In 1953 he made his film bow in Nicholas Ray's cult hit Western Johnny Guitar and two years later reunited with the director in the classic Rebel Without a Cause.
Hopper and Dean became close friends going on to work together in Giant before Dean was killed in a road accident in 1955.
Industry rumour has it that a traumatised Hopper chose to borrow his friend's notoriously defiant attitude and quickly fell out of favour with the big studios.
Seeking roles far removed from the stereotypical 'troubled teens' which he had made his own he began studying method acting at the Actors Studio.
However, this improvisational obsession to detail incensed cast and crew - particularly during the shooting of From Hell To Texas - and Hopper found himself on the Hollywood blacklist.
For the next ten years he was trapped in B-movies with only the John Wayne Western The Sons of Katie Elder and Monkees vehicle Head to keep him in the public eye.
In 1969, he re-invented himself as a director with the drug-fuelled, anti-Vietnam road movie Easy Rider, starring Peter Fonda and Jack Nicholson.
However, the follow-up - 1971's The Last Movie - was critically panned as a self-indulgent mess and Hopper's career was gain in freefall.
His marriage to actress Michelle Phllips lasted a matter of days and his only notable appearance in a period notable for massive drugs abuse was as an unhinged photojournalist in Apocalypse Now.
Slowly be began to repair his battered reputation with movies such as the teen drama Rumble Fish and the 1985 comedy My Science Project.
Salvation was at hand in the form of cult director David Lynch who cast him as the psychopathic Frank Booth - whose words "Don't you f*****g look at me" - opened the classic Blue Velvet.

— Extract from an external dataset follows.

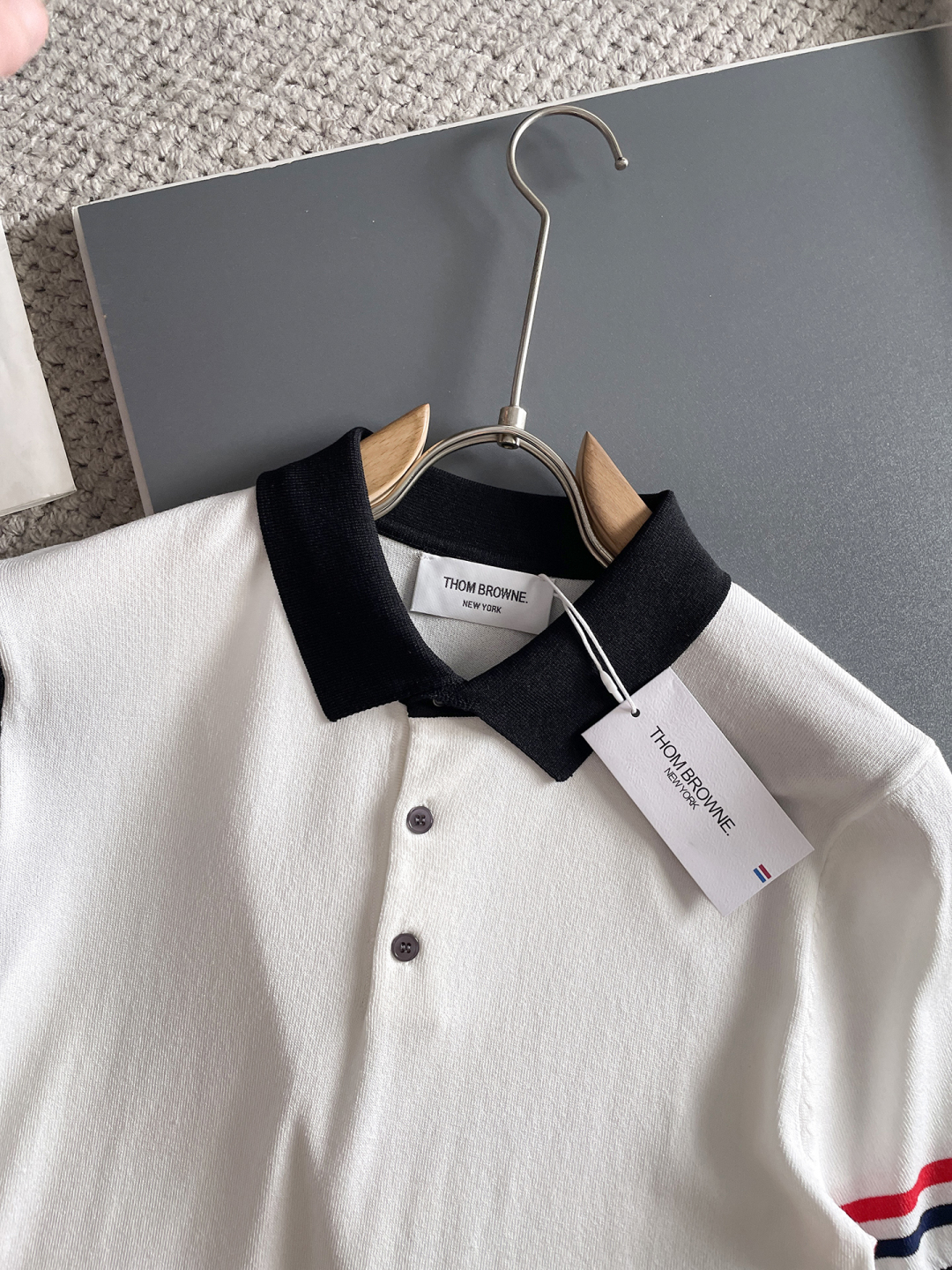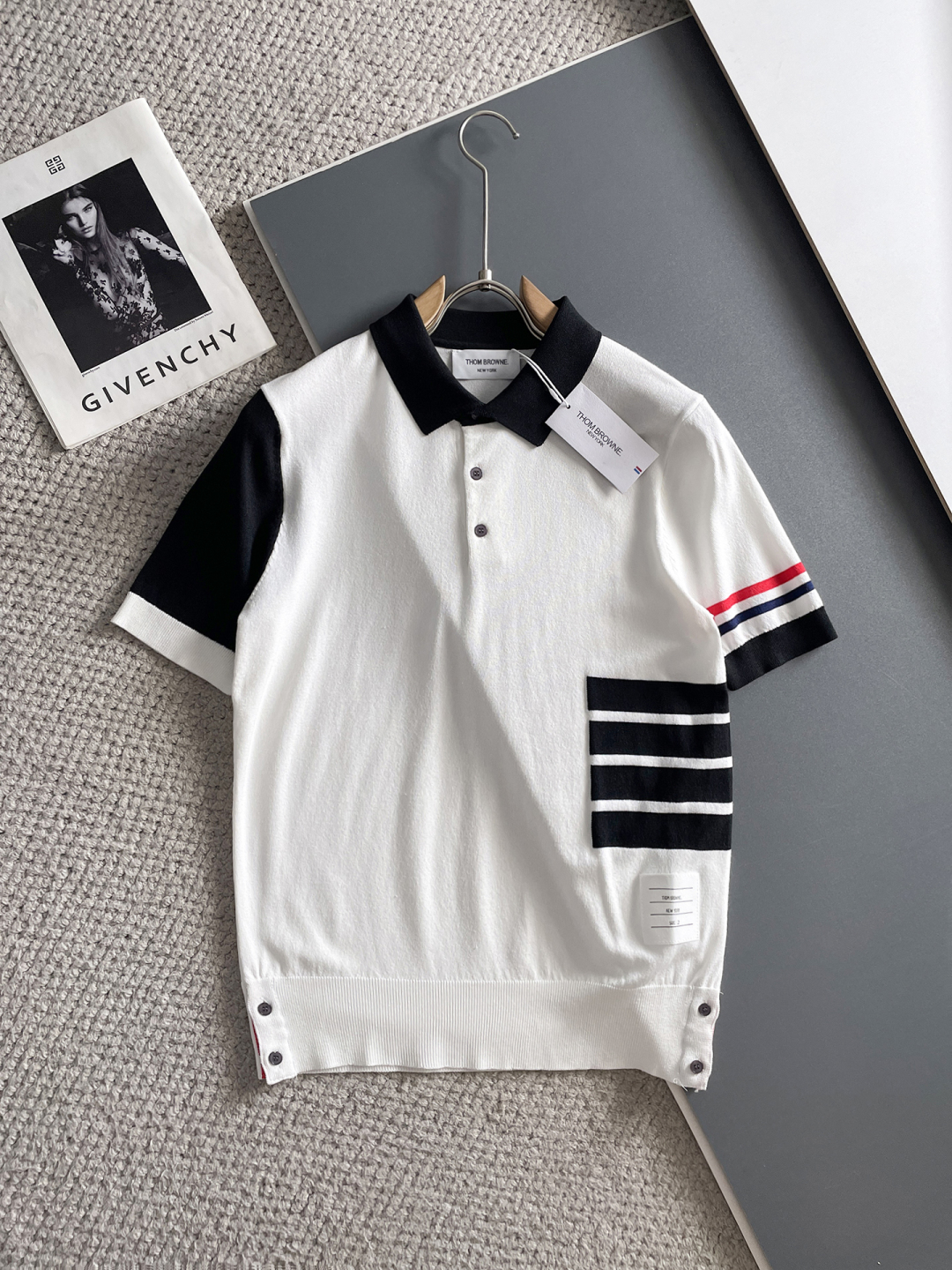TB Spring/Summer 2025 new simple and versatile letter embroidered top-quality imported private knitwear polo short-sleeved shirt, high-end heavy industry jacquard short-sleeved knitwear. The counter style is fashionable yet luxurious, and the quality is beyond doubt. The wearing effect is excellent. The same size as the official website of luxury is M-xxxl

Subsequent roles included an alcoholic assistant coach in the basketball drama Hoosiers for which he earned an Academy Award nomination.
He was a burnt-out hippy in Flashback and returned successfully to directing with the gang action drama Colors with Sean Penn.
He starred alongside Nicolas Cage in the excellent noirish Red Rock West, played King Koopa in Super Mario Bros and won critical acclaim for Paris Trout.
Relishing his position as villain-of-choice, he played psychopaths in Speed opposite Keanu Reeves in 1994 and Kevin Costner's Waterworld.
Other notable appearances included Ron Howard's EdTV before he settled on a series of minor, low-budget roles.
Recent work saw him providing the voiceover for the documentary Inside Deep Throat and he also appears in George Romero's zombie outing Land of the Dead.